Search

KPK Buka Kemungkinan Ada Tersangka Baru Kasus E-KTP

BABEBOLA – Komisi Pemberantasan Korupsi (KPK) membuka indikasi adanya tersangka baru dalam kasus dugaan korupsi E-KTP. Saat ini penyidik masih mendalami keterlibatan pihak tersebut dalam kasus ini.

“Ada informasi terakhir yang saya dapatkan memang tim sedang mendalami dugaan peran atau dugaan pelaku lain dalam kasus E-KTP itu tentu dilakukan belum bisa disampaikan secara terbuka,” ujar Kabiro Humas KPK, Febri Diansyah, kepada wartawan di Gedung KPK, Jalan Kuningan Persada, Senin (19/2/2018).

Febri mengungkapkan bahwa pihaknya tidak hanya terhenti pada pihak yang saat ini sudah ditersangkakan atau yang sudah masuk meja persidangan.

KPK saat ini masih menelusuri pihak yang menikmati aliran dana dari korupsi yang merugikan negara hingga Rp 2,3 triliun ini.

“Kami menduga pelaku dalam kasus E-KTP ini bukan hanya berhenti ketika kita menetapkan Setya Novanto sebagai tersangka dan membawa ke persidangan atau terhadap tersangka ASS yang sedang diproses saat ini,” tegas Febri.

Febri mengungkapkan bahwa saat ini penyidik KPK masih mencari bukti-bukti yang kuat terkait pihak lain yang akan menjadi tersangka tersebut.

“Kami duga masih ada hal lain yang kita perlu telusuri lebih lanjut tapi sekali lagi untuk menelusuri pihak lain tentu harus dilakukan sangat hati-hati dan keyakinan bukti yang tidak meragukan,” jelas Febri.
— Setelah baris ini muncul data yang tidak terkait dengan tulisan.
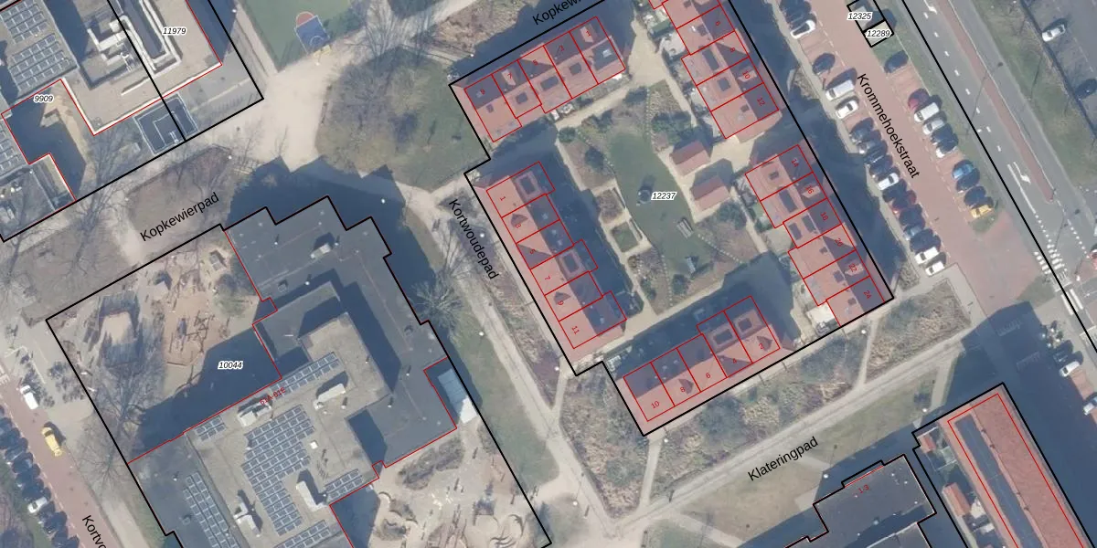 Het perceel waarop Kortwoudepad 7 staat heeft een oppervlakte van 4042 m². Dit is een zeer groot perceel. De perceeloppervlakte wordt geregistreerd door het Kadaster. Gedetailleerde informatie over de maten van dit perceel kunt u vinden in het rapport Kadastrale kaart met maatvoering van Kortwoudepad 7.

Ketika ditanya mengenai sosok lain yang akan menjadi tersangka tersebut, Febri masih merahasiakannya.

“Karena proses pendalaman belum dalam tahap penyidikan saat ini,” tukas Febri.

KPK sejauh ini telah menetapkan enam tersangka kasus korupsi E-KTP ini. Dari golongan birokrat diantaranya mantan Dirjen Dukcapil Kemendagri, Irman dan Sugiharto, legislator diantaranya Setya Novanto dan Markus Nari, sedangkan dari pengusaha Andi Narogong dan Anang Sugiana Sudihardjo.